Wow! That is a real work of art.:thumbsup:


----------



## chuky (Apr 3, 2005)

Kids?! No. These Trix are for grownups. 

The plan is to break into the xeriscape portion of the project next - our front is already on a drip system and it saves so much water. I can't wait to ditch the sprinklers and the lawn in the back. 

The back needed attention, landscape-wise, and a pump track seemed like a fun way to define the space. We figure worst case scenario, if we ever sell the place, we can knock the berms down and call it a "garden path".


----------



## Wideangle (Aug 14, 2008)

Nice. Nice front landscaping BTW.


----------



## trailbrain (Feb 22, 2005)

Looks really smooth. Did you use any kind of specific soil?


----------



## Hjalti (Jan 22, 2004)

*Nice.*

Good job! A bit more refined than ours:



All the best homes have them......


----------



## FT$ (Nov 12, 2007)

Phat!


----------



## w00t! (Apr 28, 2008)

best flickr album evar!


----------



## chuky (Apr 3, 2005)

Couple of pics of the track in use... a little blurry.


----------



## tgreathead (Mar 8, 2004)

Any chance you guys have a wide shot of the whole thing? I'm in the process of trying to convince my wife to let me build a track but all she's seen are dirt lots.


----------



## chuky (Apr 3, 2005)

Our landscape isn't finished yet - you'd be better off showing her this (annoying music):
http://www.russconstructionllc.com/exerscapes/

Or this:
http://www.leelikesbikes.com/suburban-pump-track-madness.html


----------



## EvenFlow (Sep 1, 2007)

Sweet, cant get over how aesthetic it is. I'm droolin like everyone else!

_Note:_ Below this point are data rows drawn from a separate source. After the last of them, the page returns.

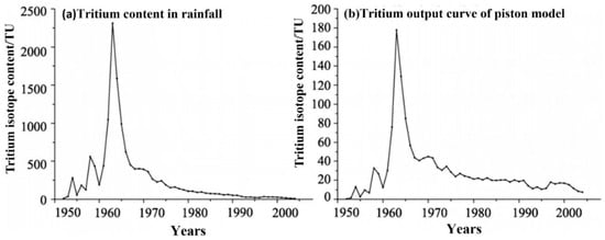 Although the distribution and variation characteristics of tritium isotope in atmospheric precipitation have been studied in China, the series observation data of tritium content in precipitation in most areas are not enough to meet the needs of groundwater age calculation. Recovering the concentration of tritium in precipitation is necessary before calculating groundwater age [,]. The recovery results of tritium content in precipitation are shown in Figure 4a. The atmospheric tritium content from 1952 to 1959 was estimated by precipitation tritium in Changchun []. From 1960 to 1986, the Doney model was used (F1 = 150, F2 = 50). From 1987 to 2007, weighted average precipitation of measured data in Harbin, Qiqihar, and Changchun was used, and single-phase correlation extrapolation between the Harbin station and Ottawa station was used for the missing years []. The Ottawa station data were from the international atomic energy agency (IAEA, https://www.iaea.org/. PHP, accessed on 5 January 2022). In the piston model, the tritium entering water only changes according to the attenuation law, and is shown in Figure 4b.
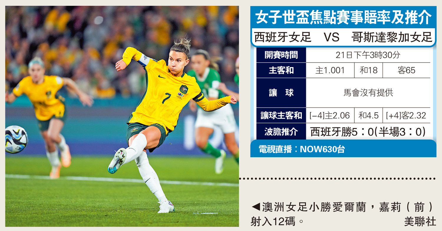 【大公報訊】綜合ESPN FC、香港賽馬會足智彩報道:女子世界盃今午繼續開賽,由C組的西班牙女足與哥斯達黎加女足對撼,世界排名第6的西班牙是今屆奪冠大熱之一,與36位的哥斯達黎加可說是強弱懸殊,西班牙有不少大勝經驗,今仗或會以哥斯達黎加「祭旗」。讓球主客和西班牙女足[-4]可下注「讓主」圖利。(NOW630台今天下午3時30分直播)
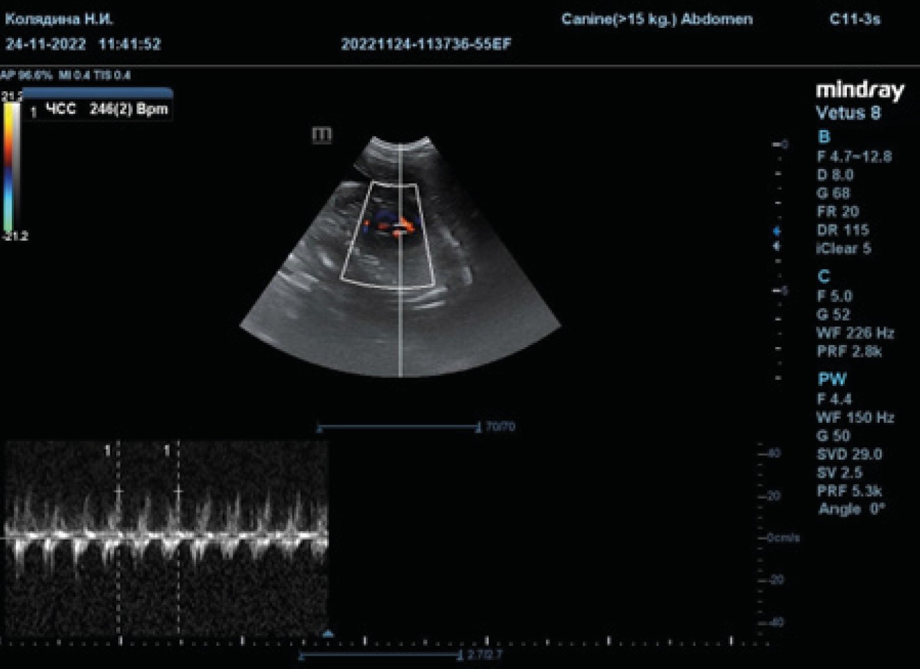 Source: compiled by N.I. Kolyadina, A.V. Shumeyko on the Mindray Vetus 8 Ultrasound Machine.
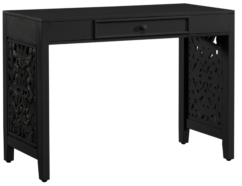 The Boho inspired Trellis Lane accent desk will make your room both function and stylish. Crafted of solid mango in a Weathered Black finish with brown rub thru. Features artisan hand carved side panels, one wood trim drawer and wood knob hardware. The perfect size for small places from your living room to a bedroom.Read More
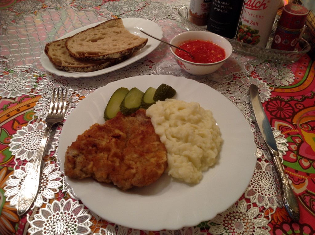 Наши отбивные из свиной шейки готовы! Подаём их с картофельным пюре или любым другим гарниром. В качестве острого соуса можно использовать аджику витаминную из моей кулинарной книги. Пора звать всех к столу!
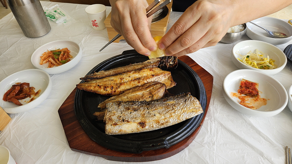 생선살을 발라 김치나 다른 반찬을 얹어 정신없이 먹었다. 역시 생선 마니아들의 성지될 곳이라 하겠다. 언제부터인지 우리는 생선구이에 꼭 와사비 간장을 찍어 먹는다. 어쩌면 일본식이 아닐까 싶기도 하다. 이런 반찬이 주는 만족도는 아주 높은 편이다. 평소보다 분명 밥을 많이 먹게 된다. 네 가지 생선 중에 역시 갑오브갑은 고등어였다. 통풍이라 조심해야 하지만 고등어의 익숙하면서 고소한 이 맛을 거부할 수가 없다. 임연수의 부드러우면서 고소하고 담백한 맛도 일품이다. 결국 생선은 다 맛있다. 오븐이나 연탄에 구웠을 때 특히 맛이 배가 된다.
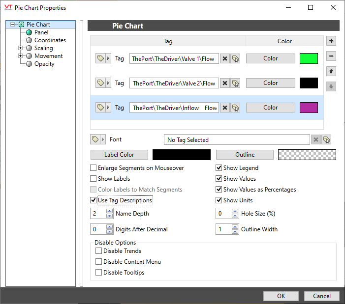 The chart updates continuously with changing values. The current sum of the included tags is taken as 100% and each slice of the pie represents the matching tag's contribution to that total.
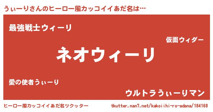 | 意味不明あだ名 | 『永久保存うぃーり』『自称うぃーり』 |

Nice flickr too, looks like you hit up the subway in zion, cool place eh.


----------



## DurtGurl (Dec 10, 2001)

chuky said:


> Couple of pics of the track in use... a little blurry.


Because of this pic I my hair cut super short and couldn't be happier. Chuky, you rock!! Thanks for the inspiration!


----------



## TuCsaT (Apr 5, 2008)

/cue the helmet police... at least one is bound to show up

sweet looking track you have there! what kind of dirt did you use and what did you tamp it with?


----------



## chuky (Apr 3, 2005)

We used a combination of two dirt types - for the base, and for the underlying structure of the berms, we bought some cheap fill dirt and removed most of the rocks - it took an entire dumptruck load to do this. For the top layer (up to 4 inches deep depending upon where it is on the track) we used *much* more expensive baseball diamond dirt - two giant tractor scoops full. We still need to add another 6 inches or so to our upper berm.

This shot shows another local pumptrack that is composed entirely of the same baseball diamond dirt. 


Most of us with use shovels and McLeods for shaping and tamping, though we also had the added bonus of our house coming with an antique concrete roller that has proven pretty useful in the early stages.


----------



## Punishment71 (Feb 17, 2007)

Duuude! Can I come over and play? That looks flippin sweet!


----------



## catch22 (Apr 30, 2004)

Nice chucky! Good to see you guys got that thing built up finally, looks awesome and I'm sure the xeriscape work will have it looking even better. I'm thinking of installing one in our backyard soon but wondering if I have enough hours to get it built before winter moves in on us. I may need to take a peek at yours and Err's sometime for some inspiration, can't say I've ever seen, much less ridden one in person but I've had the urge to build one since stumbling upon leelikesbikes a while back.


----------